### RECORDED DATA

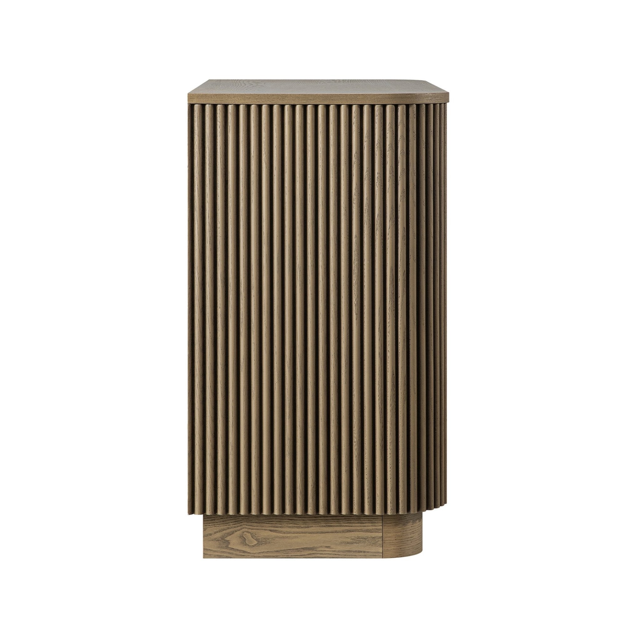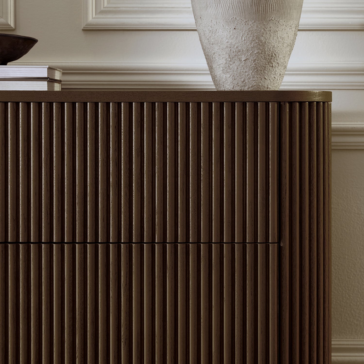 - The dresser is designed with all solid ash flutes on 3 vertical surfaces, including the front and both sides, for a well-rounded look.
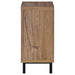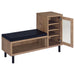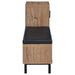 Elevate your entryway with this multifunctional shoe storage bench, elegantly merging form and function. Its engineered wood frame is finished with a durable natural oak colored wood-look laminate veneer, while a black faux leather cushion, foam-padded for comfort, tops the seating area. On one side, a cane-style metal panel door opens to reveal four tiers of shelving, neatly organizing your footwear. Supported by black powder-coated metal legs, this versatile piece delivers both style and practicality in one refined package.
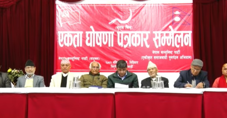 काठमाडौं । नेकपा एकीकृत समाजवादी पुनर्गठन अभियान र नेकपा (संयुक्त) बीच एकता भएको छ । बिहीबार पत्रकार सम्मेलन गरेर नेकपा एकीकृत समाजवादी पुनर्गठन अभियान र नेकपा संयुक्तबीच एकता घोषणा गरिएको हो ।

######

■ **WORK INSTRUCTION**
When copying the listing, print each line exactly but leave out every picture.

■ **SOLUTION FOR THIS TASK**
 - The dresser is designed with all solid ash flutes on 3 vertical surfaces, including the front and both sides, for a well-rounded look.
 Elevate your entryway with this multifunctional shoe storage bench, elegantly merging form and function. Its engineered wood frame is finished with a durable natural oak colored wood-look laminate veneer, while a black faux leather cushion, foam-padded for comfort, tops the seating area. On one side, a cane-style metal panel door opens to reveal four tiers of shelving, neatly organizing your footwear. Supported by black powder-coated metal legs, this versatile piece delivers both style and practicality in one refined package.
 काठमाडौं । नेकपा एकीकृत समाजवादी पुनर्गठन अभियान र नेकपा (संयुक्त) बीच एकता भएको छ । बिहीबार पत्रकार सम्मेलन गरेर नेकपा एकीकृत समाजवादी पुनर्गठन अभियान र नेकपा संयुक्तबीच एकता घोषणा गरिएको हो ।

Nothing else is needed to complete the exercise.